We plan to tear out the dead ornamental bushes in our front yard this fall. We don’t know what we’ll put in their place yet. It will be a challenging spot, as it only gets about four hours of morning sunlight. We also plan to extend the plantings at the entrance to the backyard all the way up to the front yard. Once that is done, then the entire backyard and the south side yard will be free of grass, except for a little spot in the back where the bird feeders and a bench sit.

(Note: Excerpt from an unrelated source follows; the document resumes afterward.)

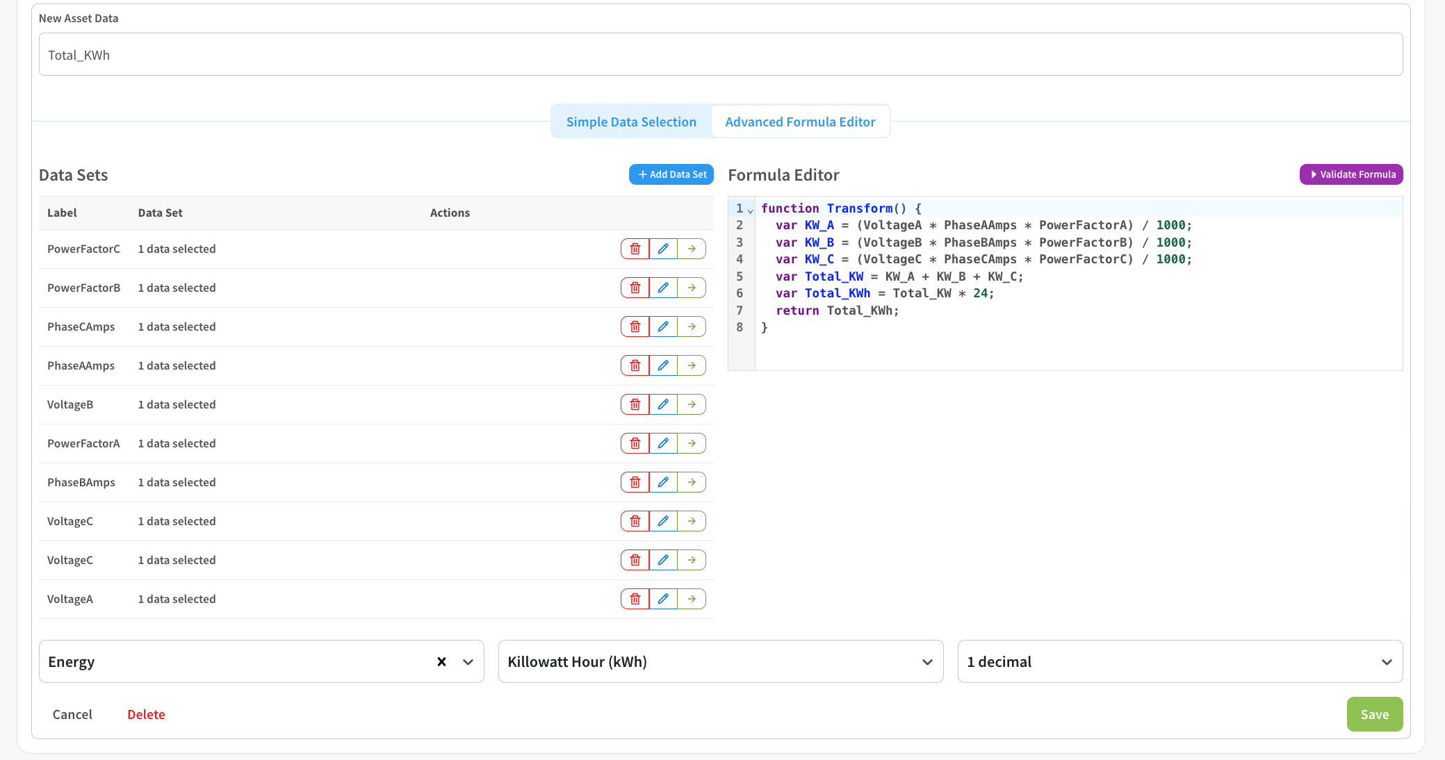 Creating Formulas using native javascript code: Our asset services uses standard JS code to process formulas and calculated data points. Some JS examples of its versatility include consolidating data from multiple Vutility Hotdrop devices monitoring a three-phase compressor or aggregating data from all the doors in a building by summing up "Total People In" and "Total Pe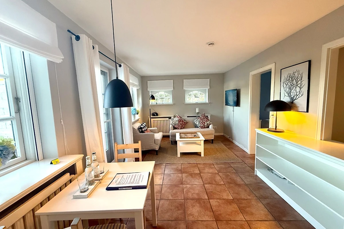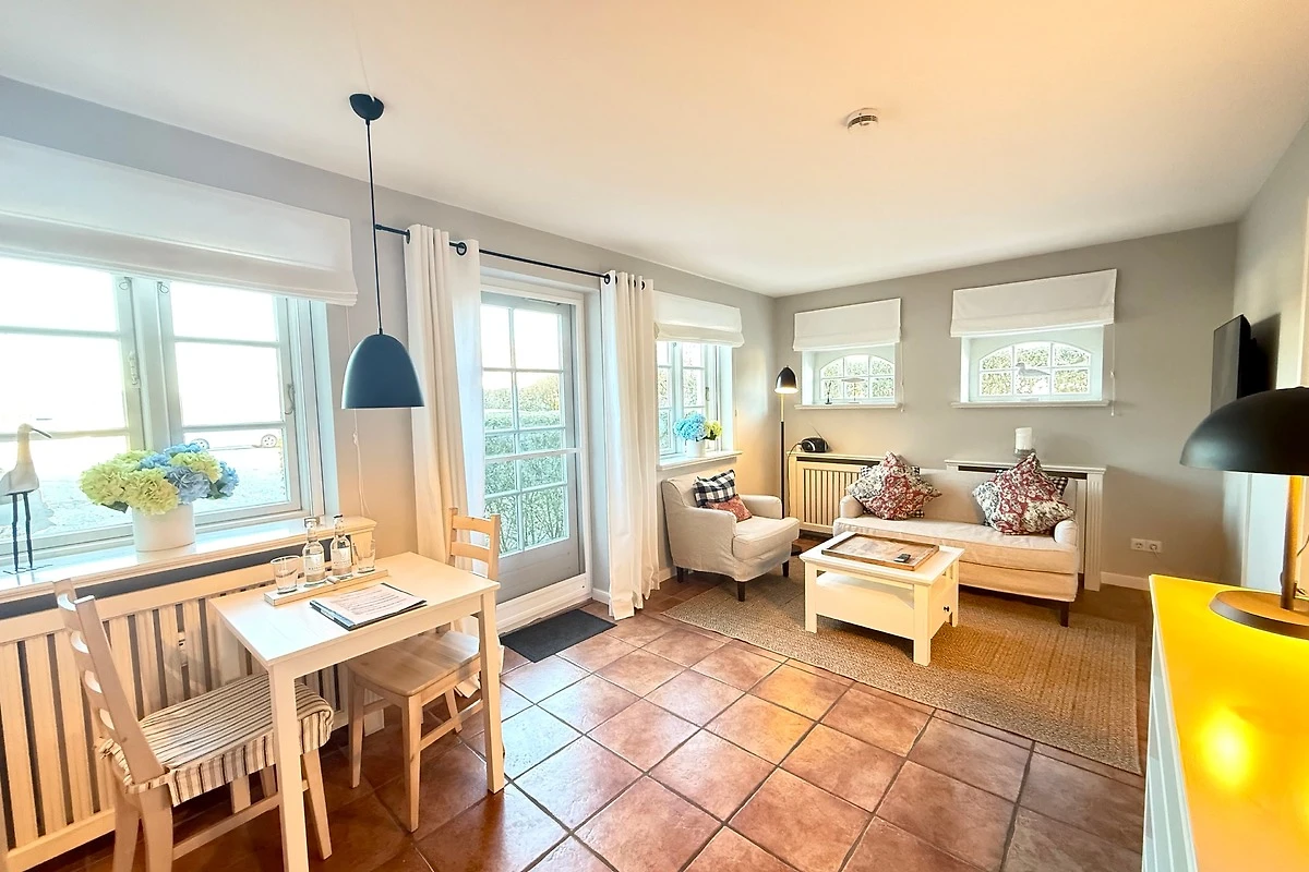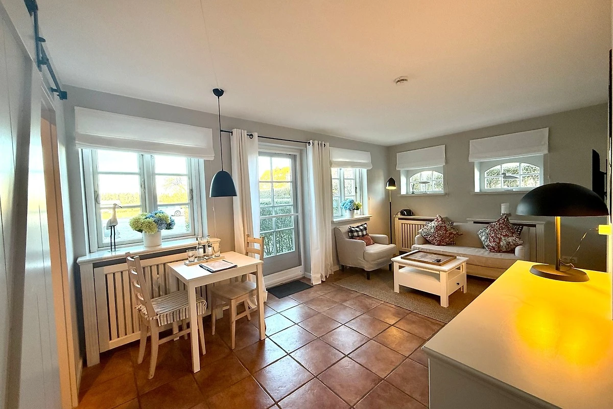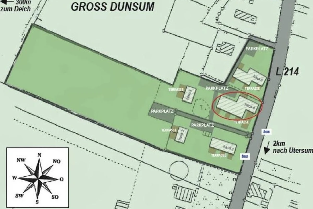 Zu dieser Wohnung gehört ein PKW Stellplatz am Haus. In wenigen Fussmetern erreichen Sie den Hauswirtschaftsraum mit Waschmaschinen und Trocknern, auch zu Ihrer Verfügung. Von hier aus haben Sie einen perfekten Ausgangspunkt für lange Spaziergänge am Strand und zur Wattwanderung nach Amrum, Fahrradtouren zu den Nachbarorten und in die Marsch und zu dem wohl schönsten Sonnenuntergang der Nordseeregion.Der Deichhof ist in der Gemeinde Dunsum angesiedelt, die im Westen der Insel Föhr liegt. Er liegt an der verkehrsberuhigte Ortsdurchfahrtstrasse und reicht an weitläufige Wiesenflächen, die direkt an den 500 m entfernt liegenden Deich der Nordsee reichen, mitten in die Natur eingebettet. Der Deichhof kann somit als Oase der Ruhe und Natürlichkeit betrachtet werden. Die Wohnung verfügt seit Juni 2024 über WLAN und wurde im Herbst 2024 umfassend renoviert.

The ultimate goal is to fully encircle the house with a thriving ring of life, with barely any grass remaining. The north side will be challenging also, given its shadiness. Maybe some mushrooms? Barring anything unforeseen, we might be able to have our entire property recaptured by the summer of 2026. At that point, it should be a mostly self-sustaining system of native perennials plus annuals from which we can gather seed.

In the summer of 2023, we gave away small amounts of produce on a table in our front yard. We’d like to continue doing that. Maybe even give away plants once we have everything established as we want. I don’t know if we’ll ever produce enough to have a reliable surplus, but if we do maybe we could sell at the farmer’s market. Who knows?